Some of the year-over-year changes include:

  • Council costs are expected to fall by 13.9% ($26,975), due to a decrease in benefit costs and lower conference fees and travel costs, reflecting a shift to online conferences and meetings.
  • General government operations costs are expected to grow by 12.1% ($192,664), due to increased salary expenses, higher recruitment costs, higher computer services fees, an increase in Property and Liability insurance costs and the addition of the costs of the parcel taxes charged to Town-owned property. These increases were partially offset by a decrease in professional services & fees.
  • Grants, donations and fee for service – the overall budget for this category, which includes ongoing grants to the community, increased by $34,474 to $351,816 compared to 2020. The majority of the increase relates to the COVID-19 Community Grant ($25,000.) Other beneficiaries of this funding include Police Victim Services ($8,000), Restorative Justice ($2,710), the Coast Cultural Alliance ($2,000), the Gibsons Seniors Society ($5,045) and organizations who apply for one-time funding through our General Grants of Assistance program ($20,000). Fees for services such as Visitor Information Services ($45,000), Youth Services Worker ($14,325), SCREDO ($45,656) and SC Tourism ($7,200) are also included.
  • Municipal Buildings budgeted costs have been increased by 8.3% for 2021, due to required repairs and maintenance identified by the building assessments done in 2020.
  • ICBC/Driver’s Services costs are expected to increase by 2.5% ($7,355) over 2020.
  • Protective Services include costs for building inspection, bylaw enforcement and animal control. In 2021, costs in this category are expected to increase by 3.9% to $268,399.
  • Infrastructure Services budgeted expenses are down by 2.6%, due to:
      • An overall decrease in general administration costs for the department, which includes salaries, wages, dues & subscriptions, professional services, training and travel;
      • A decrease in costs associated with the Public Works – Henry Road Workshop, which includes salaries, wages, dues & subscriptions, training & travel, and repairs & maintenance;
      • Increased costs associated with traffic signs and streetlights;
      • A slight decrease in Road Maintenance costs, to better reflect actual costs incurred in previous years;
      • An increase in snow removal costs, due to increased staffing and vehicle charges;
      • An increase in Drainage costs, which reflects the carryover of some costs associated with 2020 CCTV and flushing program, which was delayed due to the pandemic;
      • An increase solid waste expenditures, which are related to enhanced street garbage service and increased garbage and organics collections costs;
      • An increase in equipment costs; and
      • A slight decrease in the operating costs associated with the Gibsons District Energy Utility, as the system is decommissioned.
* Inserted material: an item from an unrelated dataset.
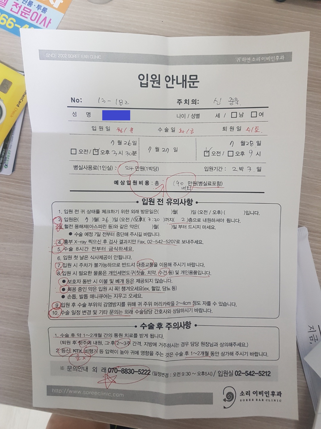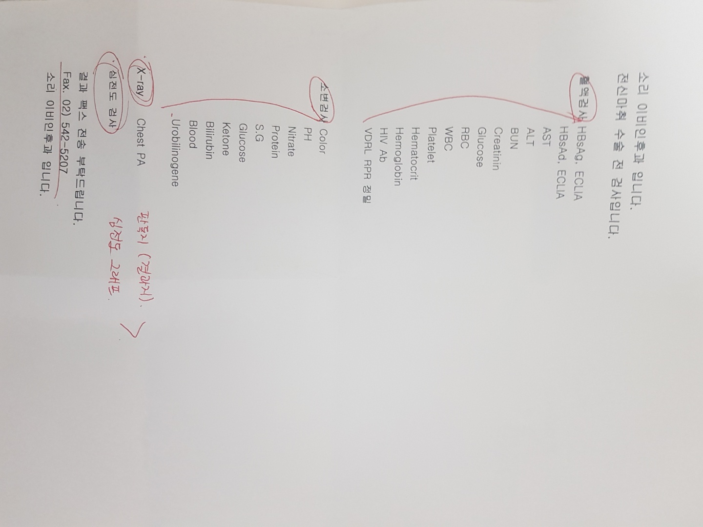 나는 고막이 안으로 말려들어간 유착성, 그리고 안에 고름이 차있는 진주종성 중이염 판정을 받고 수술을 하는 것으로 판정이 났다. 수술을 하기위한 피, 소변검사는 소리이비인후과 병원에서 해주는데, 나머지 X-ray 사진, 심전도 검사는 내과에서 하고 팩스로 전달해야한다.
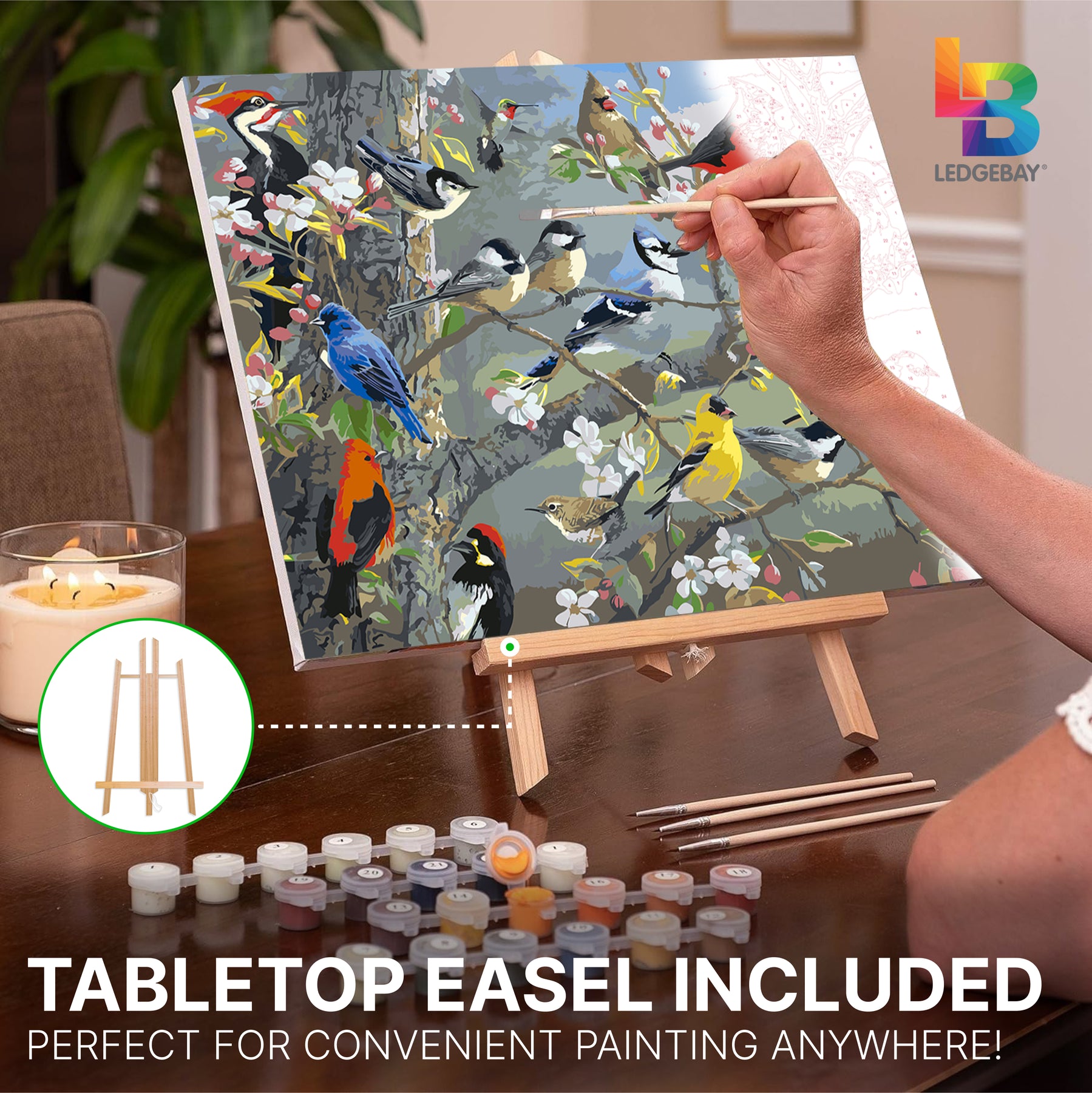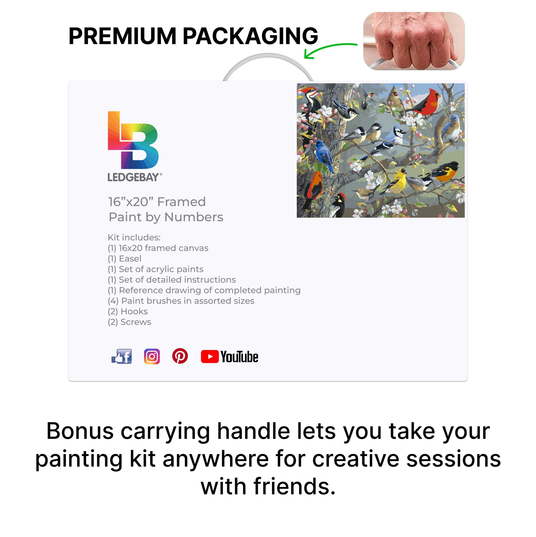 Our Framed kits include:    Ledgebay provides everything you need to become an inspired artist. Our large paint by numbers kit for adults includes one pre-stretched and framed premium pre-primed canvas, set of instructions, 4 paint brushes of different sizes, a tabletop easel, 1 vacuum sealed set of acrylic paints, a small photo of the finished painting for reference, and an 11" x 17" printout in case the artist messes up.

  • Planning Department expenses are expected to decrease by $36,894, or 7%, over 2020. The change is mainly related to a payment of $70,000 which was directed to the Sunshine Coast Affordable Housing Society in 2020. No such payment will be made in 2021.
  • Parks and Cultural Services expenditures are expected to increase slightly (1.3%) over 2020. The increase mainly relates to costs associated with COVID-19 related safety supplies, washroom cleaning and rental of porta-potties.
  • Fiscal Services includes bank charges, debt servicing costs and transfers to reserves. The overall budget of $878,581 is a decrease of $91,205 compared to 2020, with the change mainly related to a significant reduction in debt servicing costs following the retirement of the 2009 Road Rehab debt and a reduction in the interest rate charged on the debt related to the RCMP Building from 3.56% to 1%. These reductions were offset slightly by a small increase in transfers to vehicle/capital reserves to reflect additional fleet-related costs related to physical distancing requirements of the pandemic.
Net Surplus

With total budgeted revenues of $7,047,876 and total expenses budgeted at $6,902,245, the net result is a budgeted surplus of $145,632. This may be used to finance the current year capital/projects plan, transfers to reserves, funding requests by external organizations and/or additional considerations of Council.